VulcanForms Raises $355M for Digital, Additive Manufacturing

VulcanForms, which is now valued at more than $1 billion, supplies precision-engineered components using automated machining, integrated robotics, and proprietary thread.

Business Wire


The VulcanOne facility for additive metals manufacturing in Devens, Mass.
VulcanForms, which combines proprietary digital thread and additive manufacturing systems, said it is now worth more than $1 billion. It opened two production facilities for metal parts and assemblies.

Advanced software, materials, and 3D printing are enabling a new generation of manufacturing. VulcanForms Inc., which builds and operates digital manufacturing infrastructure, today announced that it has raised $355 million and that it is valued at over $1 billion. The company also revealed its first production facilities for precision metal parts and assemblies in Devens and Newburyport, Mass.

“By scaling advanced digital manufacturing, we can create a new era of U.S. innovation and economic growth,” said Martin C. Feldmann, co-founder, president, and CEO of VulcanForms. “We’ve recognized a game-changing opportunity when additive manufacturing technology is scaled for industrial production and is seamlessly integrated with automated machining and robotics.”

Founded in 2015 by Feldmann and John Hart, a professor at the Massachusetts Institute of Technology (MIT), VulcanForms claimed that it invented and commercialized the world’s first industrially scalable laser metal additive manufacturing (AM) system and pioneered integrated digital production systems. The Burlington, Mass.-based company currently has more than 300 employees.

Digital approach to address decades of manufacturing decline

Manufacturers perform nearly 60% of U.S. private-sector research and development, and every dollar spent on manufacturing contributes an additional $2.79 to the U.S. economy, a higher multiple than that of any other industry, said VulcanForms. However, manufacturing employment in the U.S. has dropped over 40% since 1980, while wages and capital investment have been largely stagnant, it added.

The company attributed this decline to “decades of offshoring, displacing critical manufacturing know-how and infrastructure to other countries. In many cases, this enabled access to lower-cost labor and expanded global trade, but [it] ultimately hollowed out the domestic innovation ecosystem. While millions of manufacturing jobs were eliminated, supply chains became increasingly sensitive to geopolitical dynamics.”

While most offshore production is not coming back to the U.S. in analog form, said VulcanForms, digital production technologies such as additive manufacturing can enable more innovative, resource-efficient, and resilient supply chains.

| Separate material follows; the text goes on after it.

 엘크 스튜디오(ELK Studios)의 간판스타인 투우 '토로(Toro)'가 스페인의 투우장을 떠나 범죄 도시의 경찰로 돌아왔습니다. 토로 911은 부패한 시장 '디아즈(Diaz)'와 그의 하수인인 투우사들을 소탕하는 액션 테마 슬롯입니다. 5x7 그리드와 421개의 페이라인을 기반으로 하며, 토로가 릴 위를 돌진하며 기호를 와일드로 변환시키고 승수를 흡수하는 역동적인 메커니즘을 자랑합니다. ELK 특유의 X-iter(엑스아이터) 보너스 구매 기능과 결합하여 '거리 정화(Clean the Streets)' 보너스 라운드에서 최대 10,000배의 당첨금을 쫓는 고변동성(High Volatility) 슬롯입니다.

“VulcanForms has built the physical infrastructure and digital workflows to deliver this full-stack manufacturing solution at unprecedented speed, precision, quality, and scale,” said Feldmann. “Our technologies, combined with our team of engineering and operations leaders from Google, General Electric, Pratt & Whitney, Precision Castparts, IPG Photonics, Faro Technologies, Schlumberger, Alcoa, [and] Autodesk, among others, enable our customers to innovate, grow, and deliver sustainable impact faster.”

John Hart at MIT

“One reason 3-D printing is fundamentally different is that it allows designers and engineers to iterate more quickly, and to, in the near future, produce parts on demand in large quantities without fixed upfront investment,” said John Hart at MIT. Credit: M. Scott Brauer, MIT News

VulcanForms invests in new sites, workers

VulcanForms said its new Devens facility, “VulcanOne,” will be “the world's highest-throughput laser metal-additive foundry.” It will use VulcanForms' 100-kilowatt laser powder-bed fusion AM systems, which will total over 2 megawatts of laser capacity.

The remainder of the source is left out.